### [Task brief]
Your answer must be an exact transcription of the data, with every picture omitted.

### [Available records]
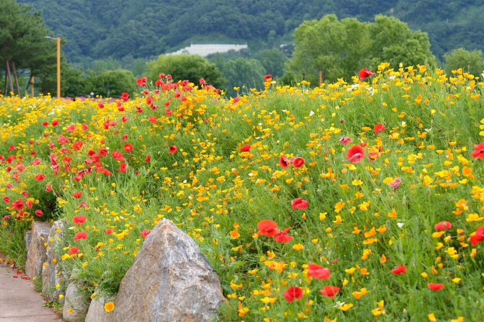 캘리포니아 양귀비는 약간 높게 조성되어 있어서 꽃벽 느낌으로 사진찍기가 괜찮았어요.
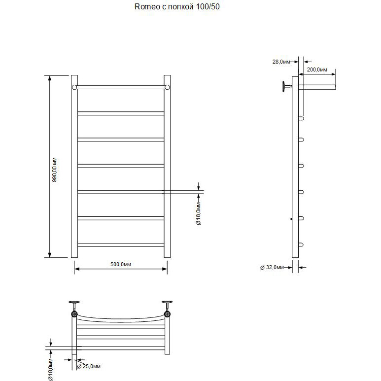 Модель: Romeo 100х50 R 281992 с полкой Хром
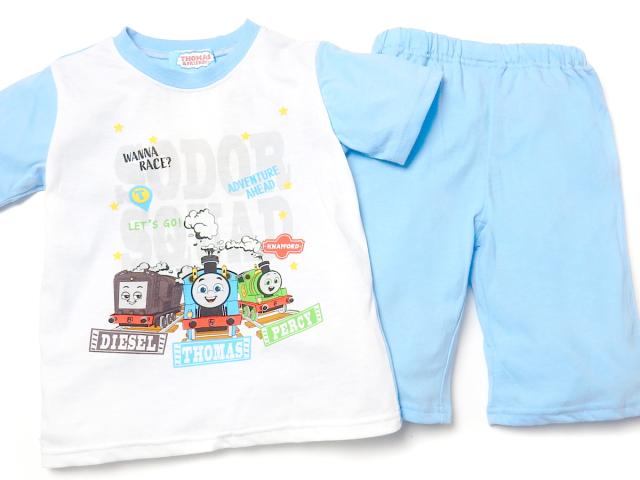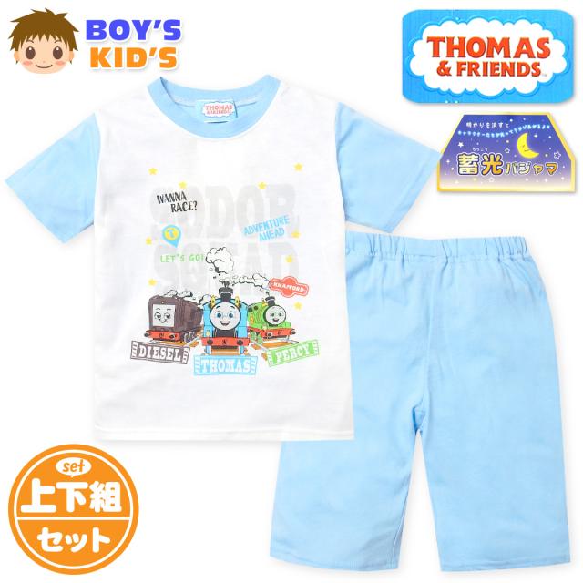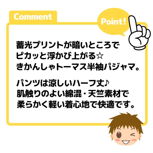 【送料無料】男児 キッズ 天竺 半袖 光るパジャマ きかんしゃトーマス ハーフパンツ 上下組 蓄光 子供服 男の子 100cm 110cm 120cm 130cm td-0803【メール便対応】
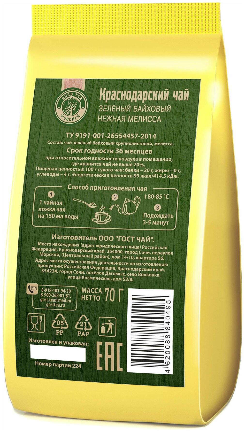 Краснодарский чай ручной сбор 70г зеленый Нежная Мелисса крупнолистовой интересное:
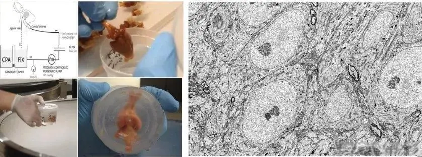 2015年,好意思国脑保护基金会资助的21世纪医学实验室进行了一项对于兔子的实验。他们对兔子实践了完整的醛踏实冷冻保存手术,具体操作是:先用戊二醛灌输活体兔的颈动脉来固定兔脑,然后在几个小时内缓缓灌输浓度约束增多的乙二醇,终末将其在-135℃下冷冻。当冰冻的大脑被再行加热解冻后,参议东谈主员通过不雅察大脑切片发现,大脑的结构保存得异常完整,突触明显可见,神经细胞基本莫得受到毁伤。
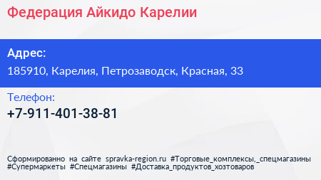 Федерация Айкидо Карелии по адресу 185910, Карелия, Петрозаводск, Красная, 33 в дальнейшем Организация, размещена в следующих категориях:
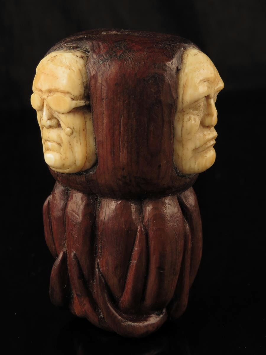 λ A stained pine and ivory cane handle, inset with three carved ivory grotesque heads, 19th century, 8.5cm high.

### [Response to the exercise]
 캘리포니아 양귀비는 약간 높게 조성되어 있어서 꽃벽 느낌으로 사진찍기가 괜찮았어요.
 Модель: Romeo 100х50 R 281992 с полкой Хром
 【送料無料】男児 キッズ 天竺 半袖 光るパジャマ きかんしゃトーマス ハーフパンツ 上下組 蓄光 子供服 男の子 100cm 110cm 120cm 130cm td-0803【メール便対応】
 Краснодарский чай ручной сбор 70г зеленый Нежная Мелисса крупнолистовой интересное:
 2015年,好意思国脑保护基金会资助的21世纪医学实验室进行了一项对于兔子的实验。他们对兔子实践了完整的醛踏实冷冻保存手术,具体操作是:先用戊二醛灌输活体兔的颈动脉来固定兔脑,然后在几个小时内缓缓灌输浓度约束增多的乙二醇,终末将其在-135℃下冷冻。当冰冻的大脑被再行加热解冻后,参议东谈主员通过不雅察大脑切片发现,大脑的结构保存得异常完整,突触明显可见,神经细胞基本莫得受到毁伤。
 Федерация Айкидо Карелии по адресу 185910, Карелия, Петрозаводск, Красная, 33 в дальнейшем Организация, размещена в следующих категориях:
 λ A stained pine and ivory cane handle, inset with three carved ivory grotesque heads, 19th century, 8.5cm high.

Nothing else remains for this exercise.